Decreto-Lei n.º 248/86, de 25 de Agosto de 1986

Decreto-Lei n.º 248/86 de 25 de Agosto 1. Através do presente diploma cria-se e regulamenta-se um instituto até agora desconhecido entre nós: o estabelecimento mercantil individual de responsabilidadelimitada.

Como é geralmente sabido, vem sendo defendida há várias décadas por importante sector da doutrina a limitação da responsabilidade do comerciante em nome individual pelas dívidas contraídas na exploração da sua empresa.

Contra essa solução tem sido, porém, invocados vários argumentos. Assim, observa-se que a concessão desse favor colocaria terceiros (credores comerciais e particulares do comerciante) sob a ameaça de graves prejuízos.

Aduz-se depois que a responsabilidade ilimitada patrimonial do comerciante é o factor que melhor o pode ajudar a obter o crédito de que necessita.

Pondera-se ainda ser justo que quem detém o domínio efectivo de uma empresa responda com todo o seu património pelas dívidas contraídas na respectivaexploração.

Tais argumentos não parecem decisivos. Quanto ao primeiro, a réplica surge de imediato: tudo vai do regime a que se submeta o novo instituto. Não constitui, na verdade, dificuldade insuperável incluir nele normas adequadas a assegurar a terceiros uma tutela eficaz. E esta é justamente uma das linhas dominantes e uma das ideias-força do presente diploma.

Relativamente aos outros dois argumentos, ambos são contraditados pela larga difusão que encontrou o tipo das sociedades de responsabilidade limitada (entre nós chamadas sociedades por quotas), criado pelo legislador alemão em fins do século passado como resposta a necessidades sentidas na prática. Ora, em numerosíssimos casos, os poderes de gerência na sociedade por quotas competem a todos os sócios, o que prova, como se escreveu recentemente, que a limitação da responsabilidade de quem tem nas mãos as alavancas do comando da empresa não prejudica, afinal, o recurso ao crédito, não entorpece, pois, o comércio.

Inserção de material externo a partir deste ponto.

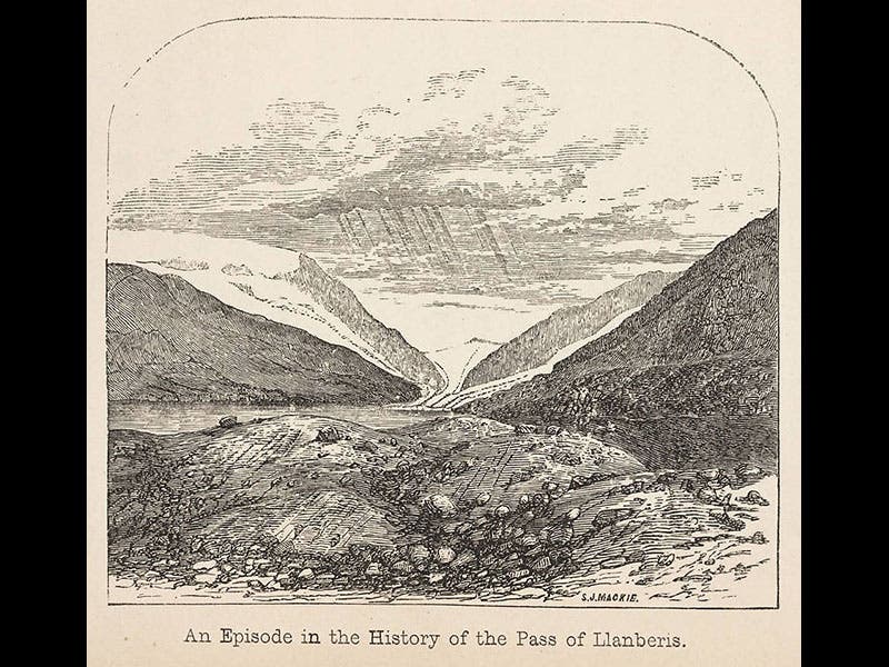 Ramsay also included two illustrations showing the pass of Llanberis, an ancient glacial pathway in Wales, first as it appears today (third image), and second, as it must have looked when it was filled by a glacier (fourth image). We included both images in our 2008 exhibition, Ice, a Victorian Romance.

'Por outra via, todos sabemos como o rigor da lei, ao denegar ex silentio o favor da limitação da responsabilidade ao empresário individual, é por toda a parte facilmente iludido, graças ao expediente das sociedades unipessoais', um fenómeno, como também se sabe, hoje vulgaríssimo na prática de todos ospaíses.

  1. Apontaram-se, e contraditaram-se, as principais razões que poderiam condenar a admissão do novo instituto. Enunciem-se agora os mais importantes argumentos em seu favor.

    Como também já se aduziu, o exercício profissional da actividade mercantil implica pesados riscos: é a álea inerente ao comércio. Para alcançar benefícios, importa correr o risco de suportar graves prejuízos. Prejuízos que no limite podem acarretar a ruína da empresa, sendo certo que, no quadro do direito vigente, é muito difícil que a ruína da empresa não arraste consigo a do próprio empresário (individual) e virtualmente a da sua família: de facto, é princípio acolhido na generalidade dos sistemas jurídicos o de que o devedor responde com todo o seu património pelas obrigações validamente assumidas. Por outro lado, a regulamentação a que o nosso direito sujeita as dívidas comerciais dos devedores casados em regime de comunhão [v.

    Código Civil, artigo 1691.º, n.º 1, alínea d), e Código Comercial, artigos 15.º e 10.º], associada à realidade sociológica portuguesa (são poucos entre nós os casamentos em que vigora o regime de separação de bens), torna pouco provável que a falência do comerciante não consuma o melhor do património familiar.

    O juízo favorável à limitação de responsabilidade do empresário singular, que daqui emerge, não se altera se forem perspectivadas as coisas do ponto de vista do interesse da própria organização mercantil, ou seja, da empresa.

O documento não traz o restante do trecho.